Studies to determine the SRC-1 interaction domain within mARNT revealed an absolute requirement for helix 2. This would appear to be a rare case of a transcription factor that can recruit a coactivator with motifs outside of its TAD and may signify a novel mode of action for SRC-1. Our example is not without precedent. The recently described LXXLL coactivator CIA modulates endoplasmic reticulum-dependent signaling in an AF-2 independent fashion (46
), and more recently, Elferink and colleagues have demonstrated that enhancement of AHRC-dependent gene transcription is modulated via a direct interaction between retinoblastoma protein and the PAS B domain of AHR (14
). Furthermore, like the interaction between HIF-1α and SRC-1, ours is another example of two bHLH-PAS proteins that do not require both bHLH-PAS domains to interact (6
The interactions between ARNT and SRC-1 and NCoA-2 were not negated by ARNT's dimerization with ligand-bound AHR (Fig. ), consistent with the notion that SRC-1 and NCoA-2 play a role in gene regulation by the AHRC. The fact that ARNT and SRC-1 interact in a nonclassical fashion for bHLH-PAS proteins may allow for AHR/ARNT dimerization when ARNT is associated with SRC-1, despite the fact that ARNT's helix 2 is required for its interaction with both AHR and SRC-1. Much of our work attempted to characterize the direct interaction between SRC-1 and ARNT. We do not rule out that SRC-1 may modulate ARNT's action in an indirect fashion. It has been established that SRC-1 can form complexes with CBP (26
), and an interaction between CBP and ARNT's TAD has been reported (28
). Therefore, it is possible that a myriad number of proteins may affect ARNT-dependent transcriptional processes through indirect mechanisms of interaction.
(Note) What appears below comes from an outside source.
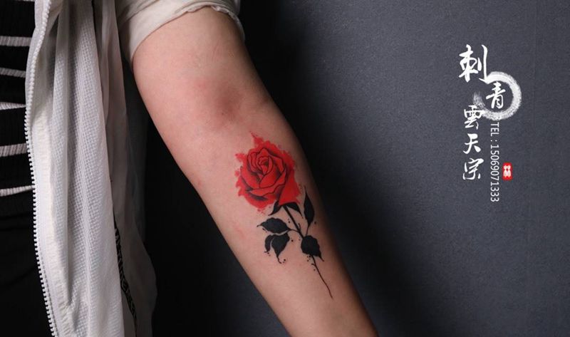 当前位置: 首页 >山东省济南市纹身店-云天宗刺青纹身图案>玫瑰纹身图片_成品手臂国画写实清新植物纹身图案

In conclusion, we have demonstrated that AHR and ARNT can interact with the NCoA/SRC-1/p160 transcriptional coactivator proteins. Furthermore, the coactivator proteins enhance TCDD-dependent transcription. We have identified domains within SRC-1 and ARNT and SRC-1 and AHR that are critical for their mutual interactions. ARNT is the dimerization partner of numerous bHLH-PAS proteins, including HIF-1α, EPAS1, SIM1, and SIM2. Our observations regarding the interactions between the bHLH-PAS coactivators and ARNT may apply when ARNT interacts with these other proteins as well as AHR. The continuation of these studies should culminate in a more realistic model of gene activation in response to chemical carcinogens and provide insight into several phenomena, such as cross talk between signal transduction pathways and the pleiotropic effects of AHRC activation.